Dans le large spectre de la vio­lence poli­tique, il existe une zone neutre où il est dif­fi­cile de s’o­rien­ter et dif­fi­cile de défendre cer­taines actions vio­lentes, où la stra­té­gie est confuse. Ten­ter de la cla­ri­fier est un tra­vail qui reste à faire. Au pôle fas­ciste, la chose est claire ; la vio­lence est une forme clan­des­tine de la vio­lence d’É­tat. À l’autre pôle, où le mot révo­lu­tion recouvre plu­sieurs choses dif­fé­rentes, et à un moment où les actions col­lec­tives n’ont pas un carac­tère révo­lu­tion­naire mais plu­tôt réfor­miste, la vio­lence de petits groupes est liée plus que jamais au pro­jet qui l’ex­plique et la légi­time ; étant don­né que ce pro­jet, pour les anar­chistes, est lié étroi­te­ment à la néga­tion et trans­for­ma­tion des rap­ports de pou­voir exis­tant ici et main­te­nant dans la socié­té actuelle, il existe, il doit exis­ter une éthique de l’ac­tion, une rela­tion entre les moyens et les fins.

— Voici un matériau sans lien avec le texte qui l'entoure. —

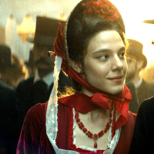 Préparez-vous à entrer dans une spirale de folie, celle d’Antonina, à plonger dans une image qui oscille entre le fantasme et la réalité. Théâtre de ce drame macabre, la Russie du XIXe siècle est présentée sous un bien triste jour : les personnages traversent des rues boueuses, mal famées, dont les effluves fécales se font presque sentir à travers l’image. A l’écran défilent des corps détruits, malades, grotesques, pathétiques, des personnages sombres et décrépis. Il faut dire que le grain grisâtre de l’image fatigue un peu la rétine au bout d’une heure. J’ai soupiré en constatant que celui-ci m’accompagnerait jusqu’à la fin de mon visionnage. Le réalisateur joue de cette palette de couleurs très limitée en l’incorporant au mode de vie du personnage, lui-même limité par ce que son mari attend d’elle. Et il n’attend rien d’elle, puisqu’il ne la désire simplement pas : pas de désir, pas de couleurs. Il lui demande au contraire (au plus grand dam de mes pauvres yeux s’accrochant alors au moindre pixel de couleur) de se séparer de sa seule robe rouge. Bien sûr, cette atmosphère morne n’est pas là par hasard, elle permet de mettre en valeur le glauque de toute cette histoire, alors que les seuls rayons de soleil qui illuminent la vie d’Antonina sont blafards.
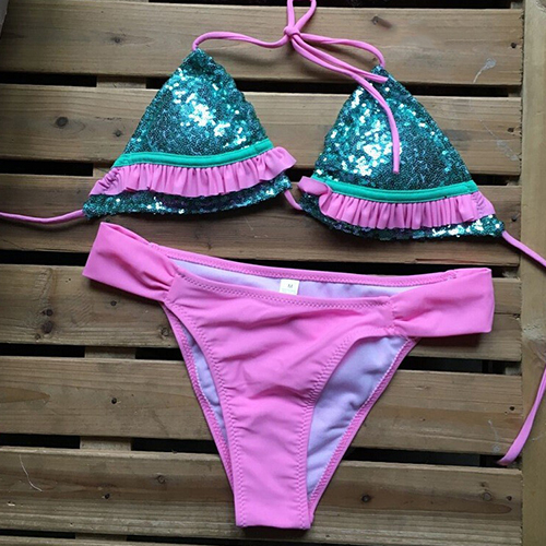 Ready for sunny seasons ? Don't miss this colorblock bikini, featuring the little ruffle around bra,low-rise bikini bottom
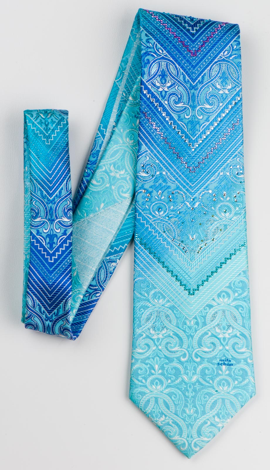Gorgeous men's hand made silk Neck Tie designed by brand name Mila Schon presenting a wonderful woven damask design on blue with V Stripes, perfectly complemented with clear white and blue Rhinestones and metallic silver studs.
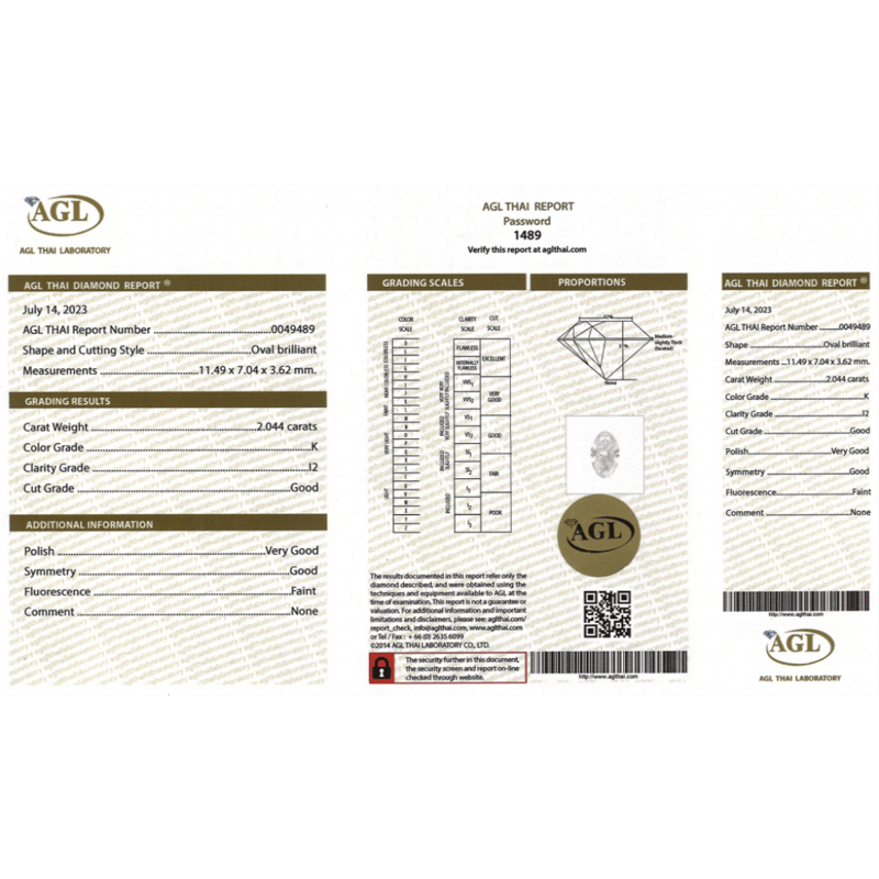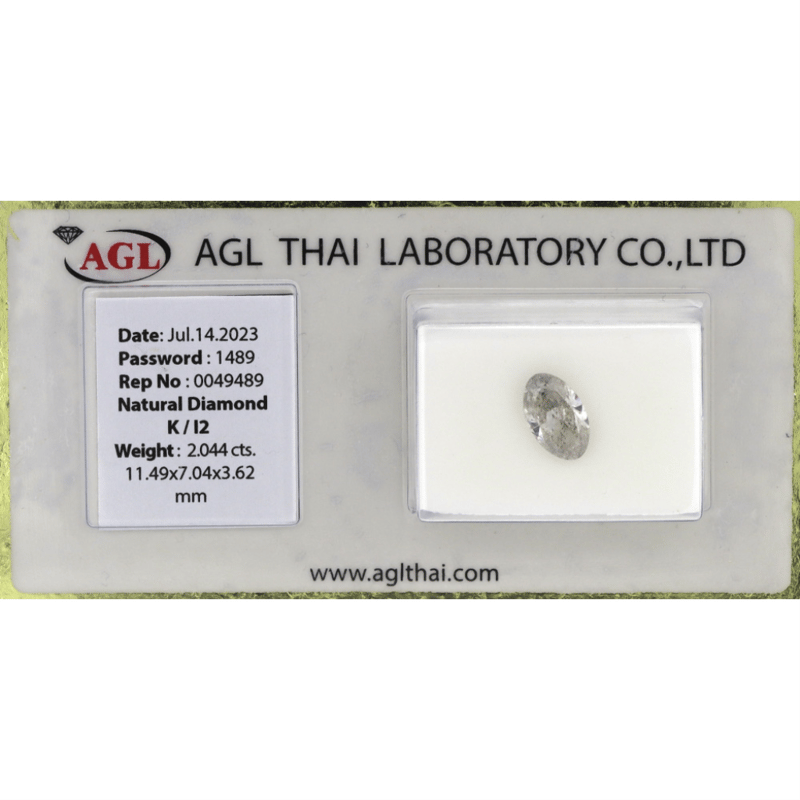 Oval Brilliant Cut, K Colour, I2 Clarity, Loose, Unset. Stone Comes Sealed With Agl Report: 0049489.
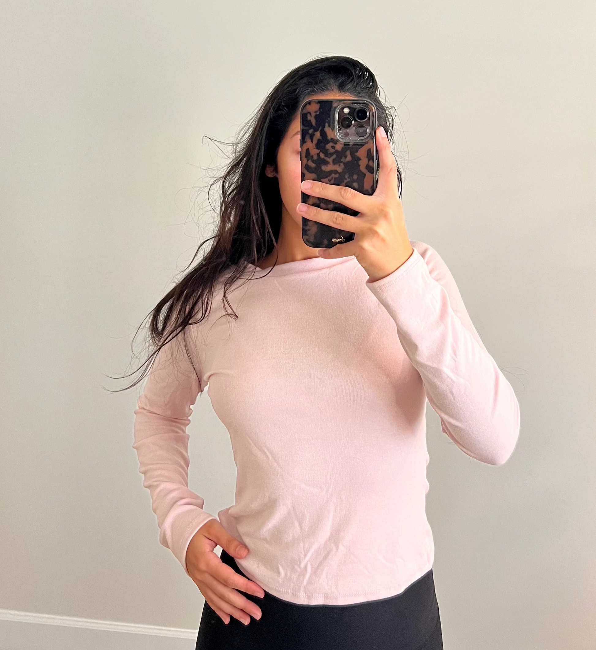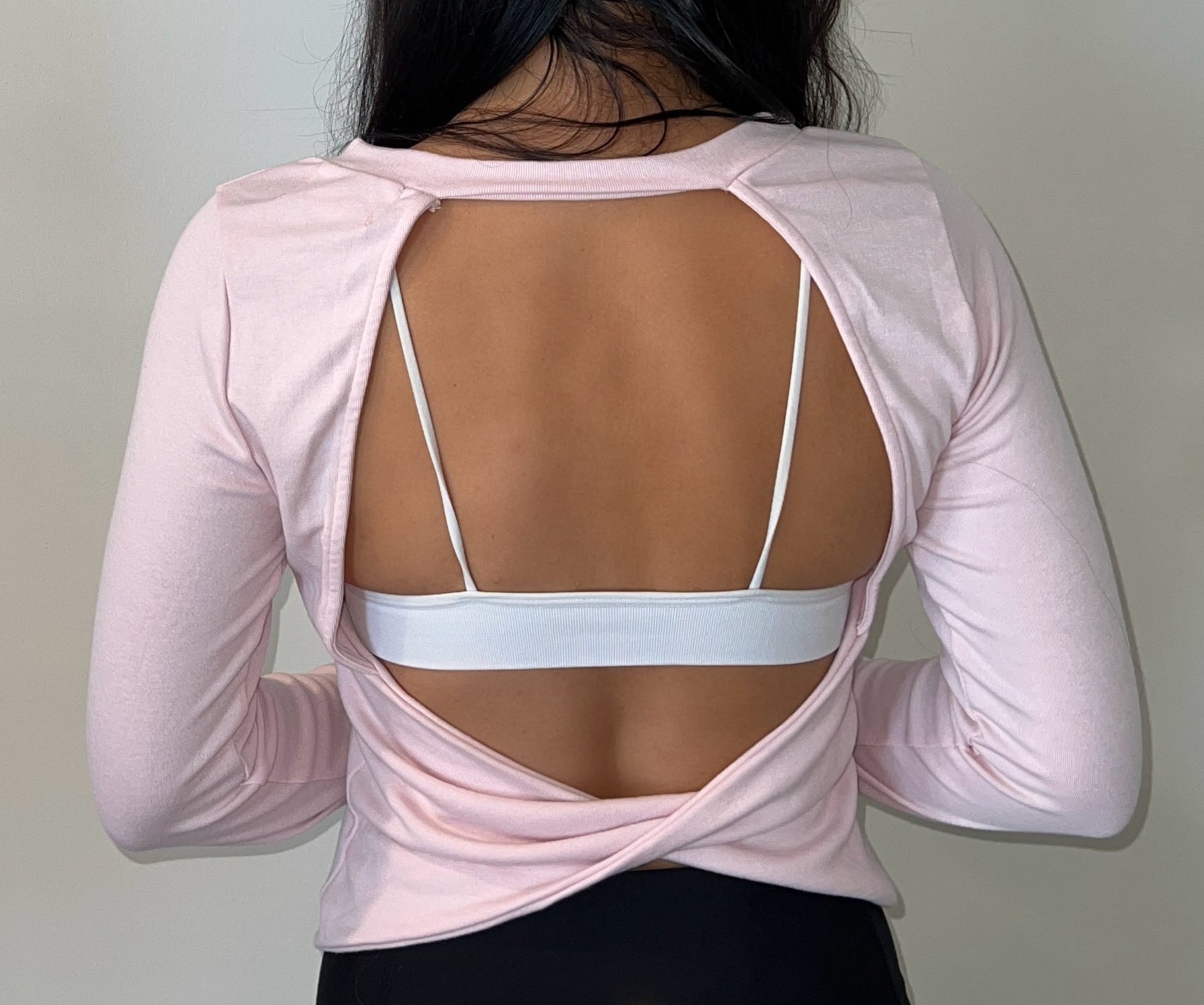 Add a soft, feminine touch to your wardrobe with the Ballerina Top. It includes a cut-out back in a beautiful baby pink color. Featuring long sleeves and a slightly cropped fit, this top blends comfort with a playful, trendy design. The highlight is the stylish back cut-out with a loop button closure, offering a modern twist to the classic knit.

Même si toute vio­lence des oppri­més est jus­ti­fiée d’a­vance, elle doit, pour être révo­lu­tion­naire, s’ins­crire dans un mou­ve­ment et dans un pro­jet, elle doit être légi­ti­mée par la fina­li­té qui est pour­sui­vie, c’est-à-dire la créa­tion d’un monde non répres­sif, sans exploi­ta­tion éco­no­mique ni domi­na­tion poli­tique. Sans État. [[Il est évident que la fin recher­chée — le conte­nu uto­pique du pro­jet — ne se situe pas dans le futur, ce qui jus­ti­fie­rait après-coup l’u­ti­li­sa­tion dans l’ac­tion de n’im­porte quels « moyens » (le pré­sent c’est le seul temps pos­sible de l’ac­tion). Ce que nous rou­lons dire c’est que dans chaque acte de vio­lence révo­lu­tion­naire le conte­nu qui le légi­time dépend de la place que cet acte occupe par rap­port à un pro­jet, à une fina­li­té liée à l’acte lui-même.]]

Le pou­voir en place a inté­rêt à dépo­li­ti­ser la vio­lence qui s’op­pose à lui et à la rame­ner au rang d’une vio­lence « cri­mi­nelle », sans conte­nu révo­lu­tion­naire, vio­lence de for­ce­nés et d’é­ga­rés sociaux. La confu­sion sur l’o­ri­gine idéo­lo­gique à laquelle les médias tendent si faci­le­ment va dans ce sens. L’u­ti­li­sa­tion du terme « anar­chie » leur sert de char­nière. Quant Ponia­tows­ki, ministre d’É­tat, ministre de l’In­té­rieur, dénonce « le mépris crois­sant de la loi, germe du désordre, du crime et de l’a­nar­chie », il montre bien le jeu : la loi et l’ordre sont une seule et même chose ― à savoir, le code bour­geois et la sta­bi­li­té du sys­tème poli­tique —, leur sont oppo­sés le désordre, le crime et l’a­nar­chie. Si le mot anar­chie est uti­li­sé dans le sens du désordre son usage est redon­dant mais le sens poli­tique qui appa­raît est immé­dia­te­ment repris et réduit à celui de la cri­mi­na­li­té. On ne voit plus là que les éter­nels trouble-fête, les « ban­dits anar­chistes » du chan­ce­lier Schmidt.

Par bon­heur sub­siste dans la conno­ta­tion du terme d’a­nar­chie une cer­taine valeur irré­duc­tible qui l’a pré­ser­vée jus­qu’à pré­sent de la dégra­da­tion qu’ont subie d’autres déno­mi­na­tions jadis radi­cales et révolutionnaires.